Ciò che resta al numero 50 del
Boulevard Voltaire, oggi, è un accumulo di immagini colme
di strazio e dolore, interrogativi e non risposte. Tuttavia si
dovrebbe celebrare il ricordo di ciò che è stato professato e dimostrato, così
importante che nessuna goccia di sangue o proiettile potrà mai cancellare: la
libertà di essere ciò che siamo. Diversi eppure simili. Se da quel giorno le
note festose che rimbombavano tra le mura del Bataclan hanno
cessato di vibrare ed hanno lasciato il posto a delle immagini sconcertanti
trascinate in ogni tiggì del mondo, quello che noi tutti invece dovremmo
augurarci è che la musica torni a suonare, che la speranza prenda il posto del
terrore. Ritrovare, quindi, il senso delle cose; che sia nelle pagine di un
libro, in una partenza o in una sfida col destino.
I nostri occhi appannati dai troppi “perché” non
riescono a vedere la realtà in modo oggettivo pertanto abbiamo deciso di
approfondire codeste tematiche da un punto di vista micro e macroscopico
attraverso l’esperienza e le parole del filosofo Diego Fusaro, docente presso l’Università Vita e Salute San Raffaele di di Milano, testimonianza preziosissima
di sapere e consapevolezza: un patrimonio che non può essere
ignorato/trascurato
Qualche
giorno fa ha dichiarato che vi è una incoerenza tra i principi etici europei e
gli articoli della nostra Costituzione. In uno scenario catastrofico come
quello attuale parlerebbe di una Europa spettatrice o, in parte, causa e
artefice dei misfatti?
Anzitutto
il trattato di Lisbona (2007) permette tramite alcuni suoi articoli di
intervenire affianco alla Francia nel bombardamento, infatti è quello che è
stato invocato recentemente dai nostri politici italiani. Ciò che non si dice
invece è che l’articolo 11 della Costituzione italiana ripudia la guerra.

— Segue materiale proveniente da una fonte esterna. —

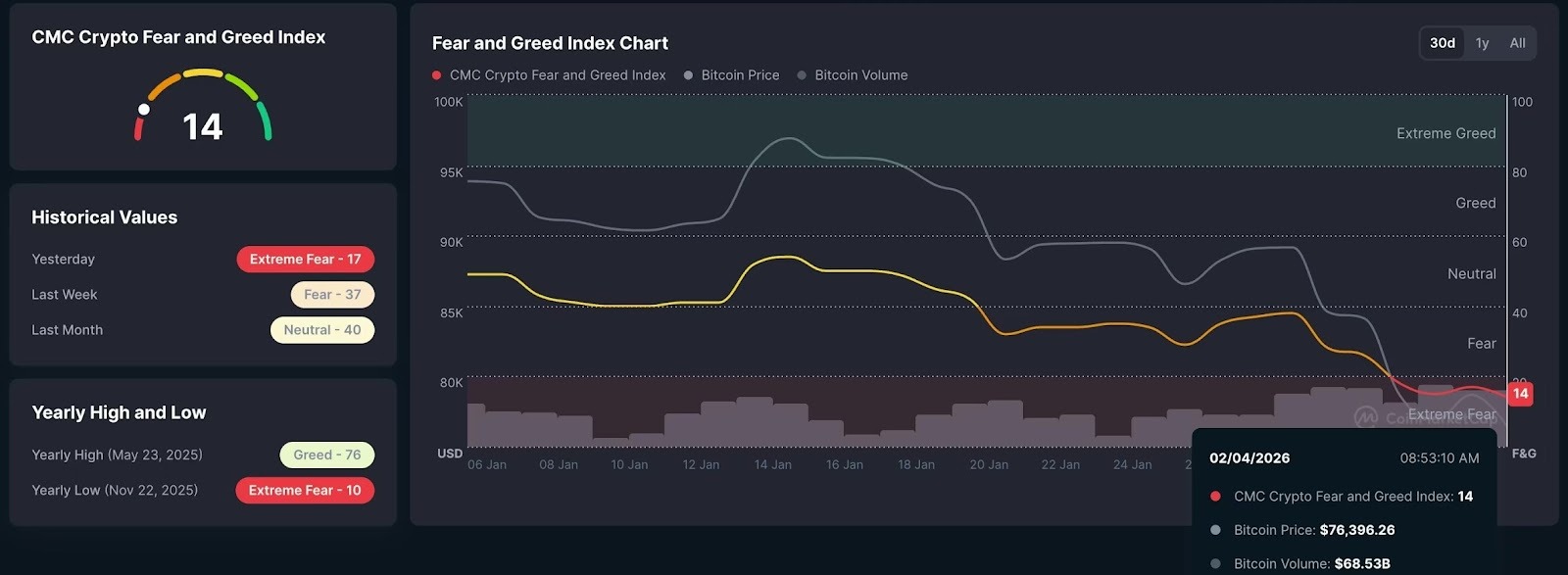 SOL has now declined about 23% over the past week and more than 50% on a yearly basis. Market sentiment remains fragile, with the crypto Fear and Greed Index reading 14 on Wednesday, a level that reflects intense risk aversion.

Pertanto ancora una volta offendiamo la nostra Costituzione per seguire i
trattati europei, dove sorge un conflitto tra i due ed emerge
l’incompatibilità. Inoltre i bombardamenti che l’Europa sta facendo ai danni
della Siria sono un vero e proprio attacco imperialistico, terroristico, contro
un Paese che è stato dichiarato nemico da tempo e che si attendeva solo il
momento buono per bombardare. Per quanto sia molto grave la strage di Parigi
non si capisce con che diritto si possa attaccare uno Stato che non ha
rivendicato questo attentato, quindi dietro il falso nome del sangue versato
stiamo dichiarando una guerra imperialistica e per di più terroristica.
La
risposta a suon di bombe da parte di Francia e Stati Uniti è stata immediata.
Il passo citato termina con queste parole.